Introduction

An electrocardiogram (ECG) is the graphical representation of the cardiac electrical activity recorded over time. The ECG allows the anesthetist to evaluate the heart rate and rhythm and, when evaluated in combination with blood pressure and other indicators of tissue perfusion and cardiac output, allows for an assessment of the cardiovascular status of the patient. Many disease states may lead to the development of arrhythmias (e.g., electrolyte disturbances, diseases of splanchnic viscera, paraneoplastic diseases, etc.), and some anesthetic drugs can increase the risk of spontaneous arrhythmias in otherwise healthy animals [1–4]. Due to the widespread availability of this technology, ECG monitoring should be considered for any patient undergoing anesthesia, even for short‐duration or routine procedures.

A normal ECG is easily recognizable and represents the electrical activity of the heart. However, to understand why and how an abnormal rhythm may develop, it is important to understand the basic physics behind the ECG as well as the minor species differences. It is also important to understand the limitations of an ECG and how to differentiate common artifacts from true arrhythmias.

Electrical potentials and the lead system

There are many different systems available that can obtain an ECG; the underlying principles remain fairly constant between machines. Understanding the basics of electrocardiography requires integration of multiple concepts including generation of the cardiac action potential, the equivalent dipole theory, and the lead system. The cardiac action potential is covered in detail elsewhere (see Chapter 33). What follows is a brief description of the equivalent dipole theory, cardiac vectors, and the lead system.

The equivalent dipole theory states that the heart can be approximated to a dipole (i.e., it is equivalent to a dipole when measured); the force that is generated has a direction and magnitude and can be represented as a vector [5,6]. A dipole is a pair of electrical charges of equal and opposite polarity that are separated by a distance. The electrical potential generated can be measured with a galvanometer, which consists of two exploring electrodes placed on each side of the system. The electrical potential measured by the galvanometer is dependent on the intensity of the electrical force generated, the distance the electrodes from the dipole, and the position of the electrodes relative to the orientation of the dipole. Depolarization of the myocardium generates electrical forces of varying magnitudes and directions; this electrical activity can be thought of as vectors of electrical activation. Electrical activity occurring simultaneously creates a summation vector. The magnitude of these vectors is detected on the body surface, depending on the site of the exploring electrode and the direction of the vector. The electrode placed on a line parallel to the direction of the vector will be able to record the maximum amplitude of that activity [6].

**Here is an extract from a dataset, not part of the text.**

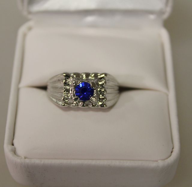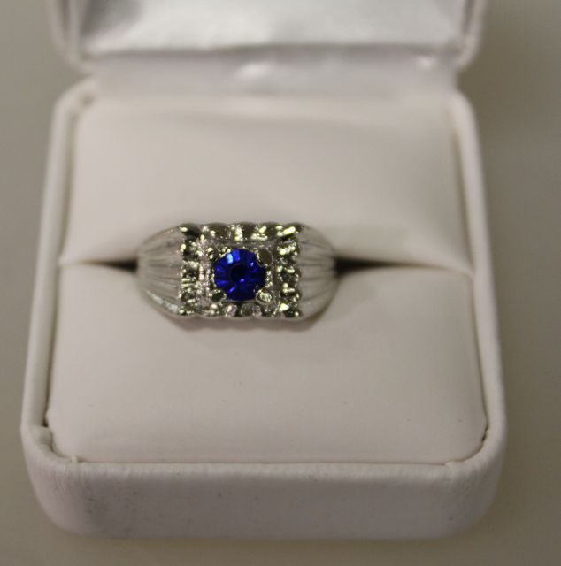 Men's gemstone ring in box. Men's gemstone ring in box.

When several exploring electrodes are attached on the surface of the patient, it is possible to record the magnitude and direction of these cardiac vectors. The ECG records the electric potential (in mV, on the y axis) over time (in seconds, on the x axis) between a point on the body surface and an indifferent (or reference) electrode or between two recording electrodes. The lines joining these electrodes form what we refer to as “leads” along which the cardiac vectors are measured [6]. Leads may be defined as unipolar or bipolar. If the potential is recorded between an electrode on the body surface (exploring electrode) and an indifferent (or reference) electrode, the leads are unipolar. If the difference is recorded between two recording electrodes, the leads are bipolar.

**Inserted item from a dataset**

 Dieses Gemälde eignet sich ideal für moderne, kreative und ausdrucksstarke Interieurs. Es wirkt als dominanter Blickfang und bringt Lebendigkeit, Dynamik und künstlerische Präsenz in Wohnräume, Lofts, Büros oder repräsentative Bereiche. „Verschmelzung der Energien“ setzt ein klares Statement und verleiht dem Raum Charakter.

The voltage change recorded by the leads is displayed graphically. Each electrical wave is defined by its amplitude, polarity, and duration. When the cardiac depolarization vector is parallel to the lead, the wave is of maximum amplitude; a depolarization vector perpendicular to the lead produces a wave of minimal amplitude. Typically, a vector directed toward the positive electrode is represented as a positive wave and a vector directed toward the negative electrode is represented as a negative wave.

Einthoven’s triangle

Due to the directionality of an ECG, the direction of electrical activity can be “seen” from different directions depending on the leads used. A diagnostic ECG may be capable of up to 12 viewpoints in two planes: frontal and transverse. Clinically, the frontal plane is most commonly used.

Electrodes placed on the right forelimb, left forelimb, and left hindlimb make up an arrangement known as “Einthoven’s triangle,” named after Willem Einthoven, a Dutch doctor who is credited with developing the first apparatus utilized to detect electrical activity of the heart. The three potential differences created by this arrangement are called leads I, II, and III (Fig. 11.1). It has been suggested that this naming convention is largely historical, based on Einthoven’s original description, rather than any intrinsic meaning [7].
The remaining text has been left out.